- [Exercise instructions]: Each line from the one with "小鹏X9的离车泊入能够完美解" through the last line below must be written out exactly. Do not copy pictures.

- [Data excerpt]:
-- Opening Marker --

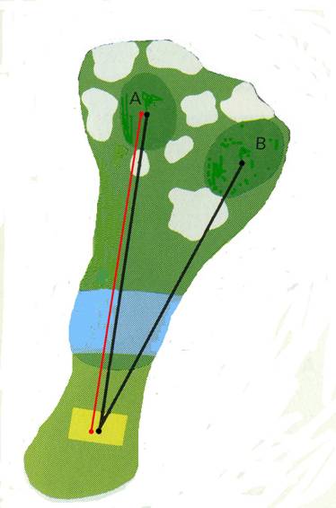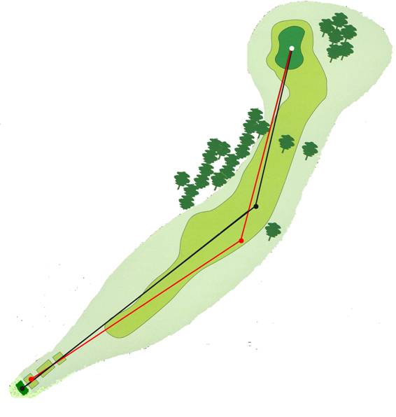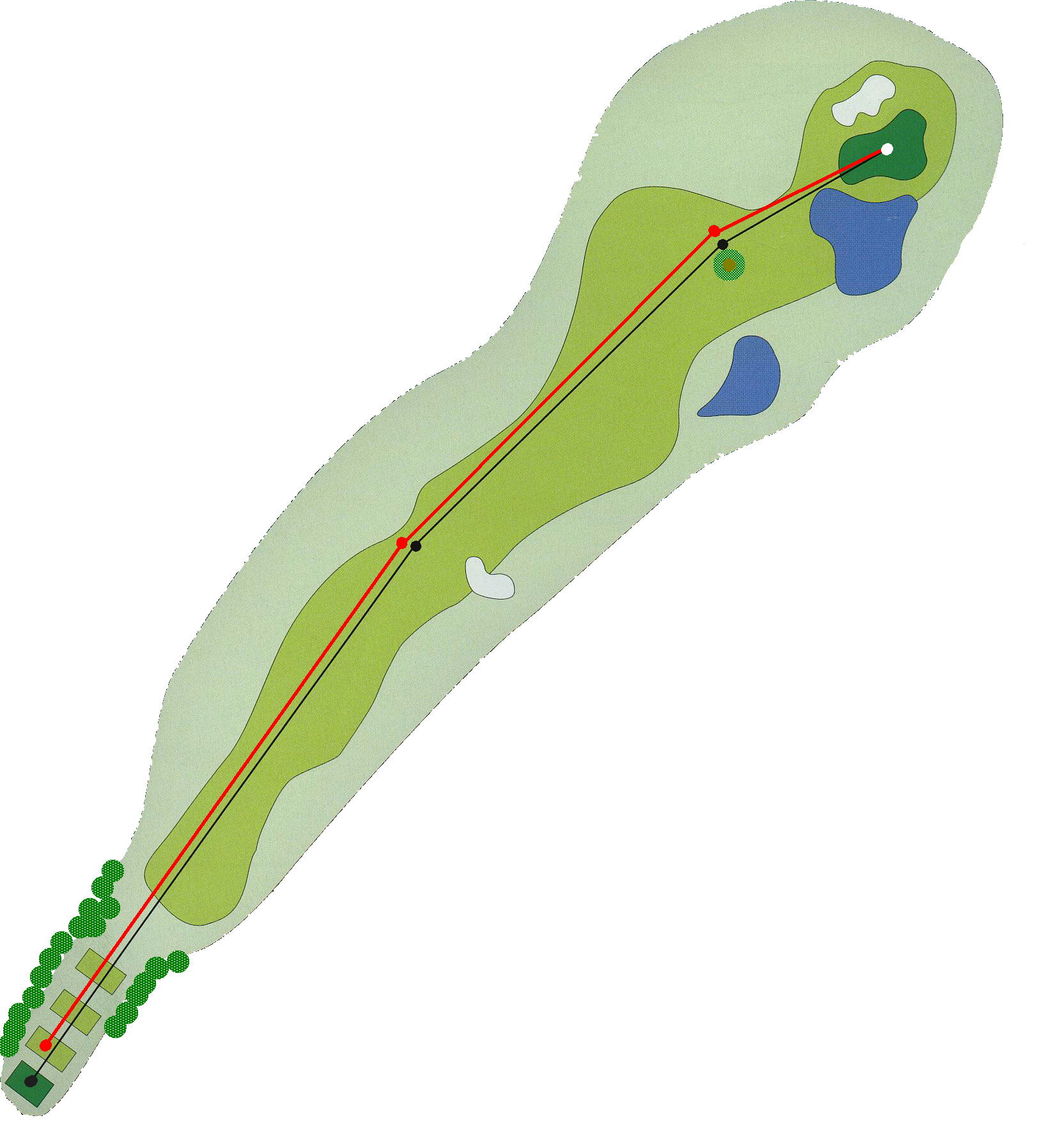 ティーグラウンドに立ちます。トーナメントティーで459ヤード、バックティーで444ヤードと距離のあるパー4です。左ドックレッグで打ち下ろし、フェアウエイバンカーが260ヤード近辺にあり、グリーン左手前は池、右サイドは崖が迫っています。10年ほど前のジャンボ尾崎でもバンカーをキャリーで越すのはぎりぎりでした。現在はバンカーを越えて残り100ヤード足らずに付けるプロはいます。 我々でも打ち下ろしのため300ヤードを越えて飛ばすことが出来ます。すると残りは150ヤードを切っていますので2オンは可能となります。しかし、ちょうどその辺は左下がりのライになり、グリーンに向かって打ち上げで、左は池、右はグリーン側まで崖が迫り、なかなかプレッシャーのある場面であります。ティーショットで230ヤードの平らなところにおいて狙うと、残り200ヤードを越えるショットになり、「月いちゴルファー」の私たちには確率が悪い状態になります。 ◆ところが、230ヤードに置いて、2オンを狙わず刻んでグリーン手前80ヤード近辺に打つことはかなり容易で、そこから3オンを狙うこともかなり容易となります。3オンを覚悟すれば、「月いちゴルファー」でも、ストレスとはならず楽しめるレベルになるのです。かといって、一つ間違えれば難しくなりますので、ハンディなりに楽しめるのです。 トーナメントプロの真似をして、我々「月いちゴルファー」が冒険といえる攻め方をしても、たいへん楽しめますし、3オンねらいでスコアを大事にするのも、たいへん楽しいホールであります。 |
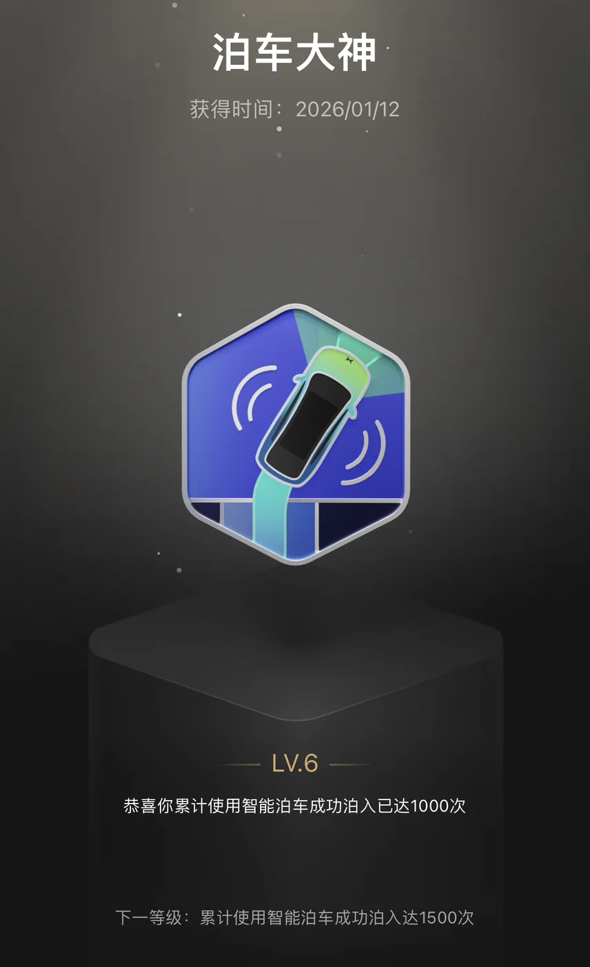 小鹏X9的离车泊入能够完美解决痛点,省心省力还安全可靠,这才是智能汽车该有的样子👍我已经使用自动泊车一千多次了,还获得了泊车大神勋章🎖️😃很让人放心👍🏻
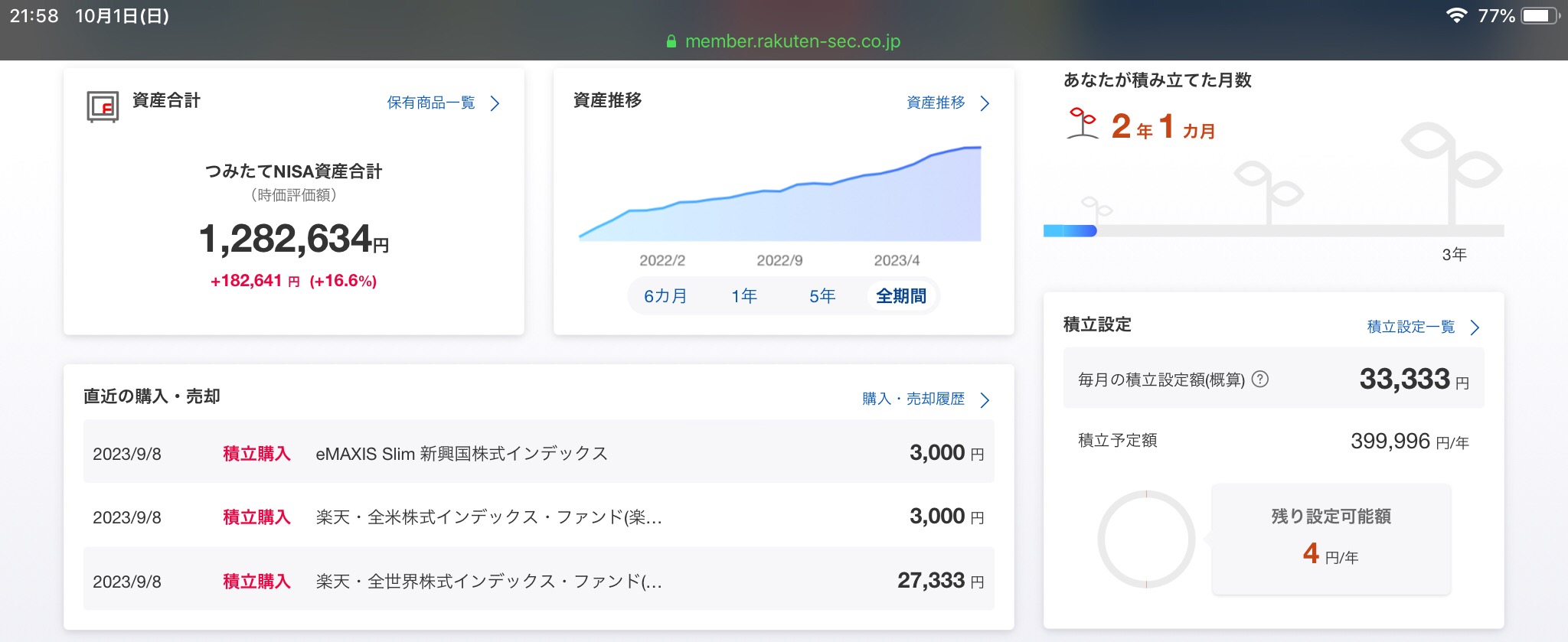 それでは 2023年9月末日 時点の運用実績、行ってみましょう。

-- Closing Marker --

- [Task solution]:
 小鹏X9的离车泊入能够完美解决痛点,省心省力还安全可靠,这才是智能汽车该有的样子👍我已经使用自动泊车一千多次了,还获得了泊车大神勋章🎖️😃很让人放心👍🏻
 それでは 2023年9月末日 時点の運用実績、行ってみましょう。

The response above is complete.